Much has been written about “Japan’s shift to war footing,” to quote a recent headline. But Japanese Cabinets still remain petrified about taking military action. Many foreign experts’ Japanese interlocutors come from a minority of (moderately) hawkish Japanese, giving foreigners the mistaken idea that Japan’s society is more martial than it really is. Japan, like Germany, wants to put behind it its brief, and by end of the war equally calamitous and criminal, adventure as a great power.

Chinese incursions into what Japan calls its territorial waters near the Senkaku Islands, which China calls Diaoyu, illustrates this point.

Other countries would have resorted to kinetic action to uphold their sovereignty, but Tokyo limits itself to lame statements (not necessarily wrong, but indicative of its mindset).

The Japanese evacuation of Afghanistan made it possible to airlift 15 Afghans (compared to 390 for South Korea and 15,000 for the United Kingdom).

Despite technology, no country can strengthen its armed services without putting more young men and women in uniform. In Japan the number of births fell by about half in four decades and there are few immigrants. How the country will find these new soldiers, sailors and airmen is a mystery. In the end, Japan will, at best, be a (possibly reluctant) follower of a U.S.-led coalition to defend Taiwan, especially if it involves fighting the People’s Liberation Army (and severing economic ties).

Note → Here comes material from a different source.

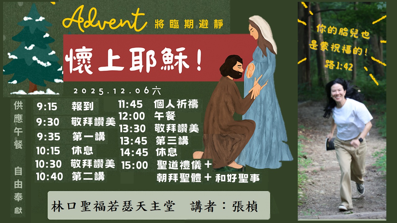 08:00 平日彌撒 09:15 將臨期退省(避靜) |

Another challenge will be forging a coalition. Due to the hub-and-spoke U.S. alliances and partnerships, relations between U.S. partners in Asia and Oceania are feeble, and, in the case of Tokyo and Seoul, marred by the so-called history issues arising from Japanese colonial rule. A lack of economic and political ties, and the tyranny of distance (Canberra is as far from Tokyo as Helsinki is) further keeps U.S. allies separate. “The Quad” and other security agreements between Japan and Australia do not alter this reality.

Moreover, the EU, despite its incomplete nature, can put in place sanctions, fund assistance and offers a constant forum for leaders, their ministers and officials to meet frequently. Nothing of the sort exists in Asia, further increasing the need for a U.S. initiative to lead the response to defend Taiwan.

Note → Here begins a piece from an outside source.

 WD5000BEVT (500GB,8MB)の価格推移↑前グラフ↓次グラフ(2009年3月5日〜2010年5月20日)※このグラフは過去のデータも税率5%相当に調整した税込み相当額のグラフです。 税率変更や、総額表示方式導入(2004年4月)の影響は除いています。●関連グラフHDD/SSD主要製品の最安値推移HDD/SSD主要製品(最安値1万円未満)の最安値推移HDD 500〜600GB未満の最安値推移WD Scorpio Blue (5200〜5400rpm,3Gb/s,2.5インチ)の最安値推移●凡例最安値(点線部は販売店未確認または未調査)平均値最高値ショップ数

The parameters will be different. The risks of the fighting spilling out of Ukraine into EU-NATO space have always been minor. In case Chinese President Xi Jinping attempts to annex Taiwan, the stakes of confronting Beijing will be much higher for Japan and other U.S. partners than facing Moscow is for Europeans.

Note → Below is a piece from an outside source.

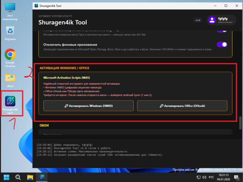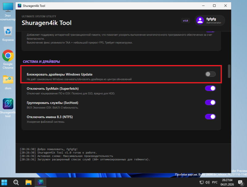 Год/Дата Выпуска: 03.02.2026 Версия: 26200.7705 Разработчик: Shuragen4ik Разрядность: 64bit Язык интерфейса: Русский Таблэтка: присутствует Системные требования: • Процессор: Не менее двух ядер с тактовой частотой не менее 1 гигагерца (ГГц) на совместимом 64-битном процессоре или Системе на кристалле (SoC). • ОЗУ: 4 ГБ и больше • Хранилище: Устройство хранения на 64 ГБ или больше • Системная прошивка: UEFI или BIOS • Графический адаптер: Графический адаптер, совместимый с DirectX 12 / WDDM 2.x. • Дисплей: > 9 дюймов с разрешением HD (720p) Описание: Легковесная и оптимизированная сборка Windows 11 25H2 для высокой производительности и приватности. Сборка основана на чистом образе с глубокими модификациями через личный плейбук ShuraOS PlayBook, unattend.xml, PowerShell-скрипты, твики реестра. Доп.Информация:Особенности:- Windows PE: Встроенная среда предустановки для удобной настройки перед установкой. - Предустановленное ПО: 7-Zip, Google Chrome, ExplorerPatcher, Shuragen4ik Tool, VLC, Picasa, DISM++ (программа с открытым исходным кодом для дополнительного применения различных настроек системы) - Удалены лишние приложения (Edge, Cortana, 3D Viewer, Clipchamp, Copilot, Recall, OneDrive, Teams и многие другие), отключены телеметрия и ненужные функции. - Производительность: Настроена для максимальной скорости (план электропитания, игровые оптимизации). - Приватность: Минимизирован сбор данных, отключены Windows Defender, SmartScreen, телеметрия, фоновые приложения. - Дополнительно: Включен Remote Desktop (только служба, саму программу можно ниже скачать в спойлере), длинные пути. Отключены UAC, быстрый запуск, гибернация, автоматические точки восстановления (если нужно, можно в ручную через команду создавать). - НЕ требует TPM 2.0, Secure Boot и обязательной учетной записи Microsoft. Shuragen4ik Tool — самописная утилита с открытым исходным кодом (WPF C#) для дальнейшей настройки системы: - Переключение схем электропитания (мгновенное применение) - Управление гибернацией, показом скрытых файлов и расширений - Игровые твики: FSO, оконная оптимизация, отключение MPO, Spectre/Meltdown, Downfall, TSX - Отключение/включение SysMain, драйверов из центра обновлений, группировка служб, NTFS 8.3 - Compact OS (сжатие системы) - Полная блокировка/разблокировка обновлений Windows (+ бесконечная пауза) - Дополнительные игровые твики: отключение Memory Integrity (HVCI), HAGS, уведомлений, высокий приоритет игр, быстрый запуск, нулевая задержка меню, фоновые приложения - Управление MSI-режимом для видеокарт и аудиоустройств (снижение задержек в играх) - Активация Windows (HWID) и Office (OHook) через MAS (Microsoft Activation Scripts) - Установка обоев из встроенной папки - Включение/выключение защитника Windows Некоторые стандартные настройки сборки (по умолчанию после установки):Активировано/Включено:- Remote Desktop (Удаленный рабочий стол) (только сама служба, саму утилиту нужно докачать в одном из спойлеров) - Длинные пути в файлах (Long Paths) - Показ скрытых файлов и расширений - Классическое контекстное меню - Проводник открывается в "Этот компьютер" - "Завершить задачу" в контекстном меню панели задач - Печать и сканирование - Общий доступ к файлам - Xbox-сервисы (в ручном режиме) - План электропитания "Ультра производительность" - Оптимизации для игр - Отключение MPO для лучшей совместимости в играх - Отключены Spectre/Meltdown/Downfall - Оптимизация для оконных игр - Нулевая задержка контекстного меню - Тёмная тема системы Отключено/Удалено: - Windows Defender (отключён по стандарту, но можно включить через Shuragen4ik Tool) - SmartScreen (везде) - Телеметр

This will make them more concerned about challenging China. At the same time, U.S. allies in Asia will see a Chinese invasion as a much greater threat to their core interests than most EU states west of Poland did when Putin attacked, pushing them into a more confrontational stance. No one can tell how governments will resolve these contrasting concerns.

The exact nature of a Sino-Taiwanese conflict is by definition unpredictable. But the events unfolding in Central Europe demonstrate that the response by Taiwan and of the United States will be a very important factor.